Discussion:
The involvement of COVID-19 in the development of olfactory and gustatory dysfunctions seems obvious. However, the characterization of the pathophysiological mechanisms underlying the olfactory dysfunction remains challenging regarding the risk of contamination. In this study, we have performed both subjective and objective olfactory evaluations in COVID-19 patients through online patient-reported outcome questionnaires and individual objective psychophysical testings. Interestingly, 38% of patients with self-reported olfactory dysfunction had normal olfactory testing at the sniffin’stick test.
The mismatch between the self-reported loss of smell and the anosmia regarding psychophysical testings has already been suggested in a recent Italian study where a few COVID-19 patients, who self-reported loss of smell, were objectively anosmic.14 Thus, the prevalence of olfactory dysfunction related to COVID-19 would be overestimated in the epidemiological studies where the loss of smell was based on subjective reports.

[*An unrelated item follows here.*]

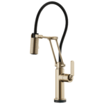 Brizo Litze®: SmartTouch® Articulating Kitchen Faucet with Industrial Handle In Matte Black / Luxe Gold

Another important finding of this study is the non-significant relationship between symptoms of nasal inflammation and objective olfactory dysfunction. In most cases of olfactory dysfunction occurring in viral infections, the olfactory disorder is related to the inflammatory reaction of the mucosa, leading to nasal obstruction, rhinorrhea and postnasal drip. In some cases, the olfactory dysfunction appeared to be related to other mechanisms, such as a neural spread of the virus into the neuroepithelium and the olfactory bulb. In 2007, Suzuki et al . demonstrated that coronavirus may be detected in the nasal discharge of patients with olfactory dysfunction.15 In this study, some patients had normal acoustic rhinometry, suggesting that nasal inflammation and related obstruction were not the only etiological factors underlying the olfactory dysfunction in viral infection. Netland et al . demonstrated on transgenic mice expressing the SARS-CoV receptor (human angiotensinconverting enzyme 2) that SARS-CoV may enter the brain through the olfactory bulb, leading to rapid transneuronal spread.16 The neurotropism of the COVID-19 is not new and would be associated with other symptoms and findings. For example, the virus spread into the central nervous system is currently suspected to play a key role in respiratory failure through an effect on the medullary cardiorespiratory center.17 Similarly, the existence of different patterns of gustatory and olfactory recoveries would be explained by selective neurological impairments.1 In other words, and suggested by the aroma and gustatory outcomes, the loss of taste would be not a retro-olfactory disorder in some patients. Future experimental and clinical studies are needed to better understand the pathophysiological mechanisms underlying the development of olfactory and gustatory dysfunctions. These studies would associate patient-reported outcome questionnaires, psychophysical olfactory evaluations, fiberoptic examinations, and imaging or neurophysiological assessments.
The main limitation of the present study is the heterogeneity between patients about the duration of the olfactory dysfunction. However, it is complicated to recruit patients at the first day of the olfactory disorder for many reasons. First, many patients have other troublesome symptoms (e.g. fatigue, myalgia, arthralgia), which may limit the realization of the tests. Second, the recruitment of patients at the first day of the olfactory dysfunction involved a continuous communication to recruit these patients. In practice, it is complicated to communicate with the general public every day for a scientific study. The lack of full objective methods to assess olfaction may be considered as another weakness. In this study, we decided to use the Identification sniffin’sticks test (16 items) for practical and ethical reasons. This test may be performed quickly, which is important to reduce the risk of potential contamination of caregivers.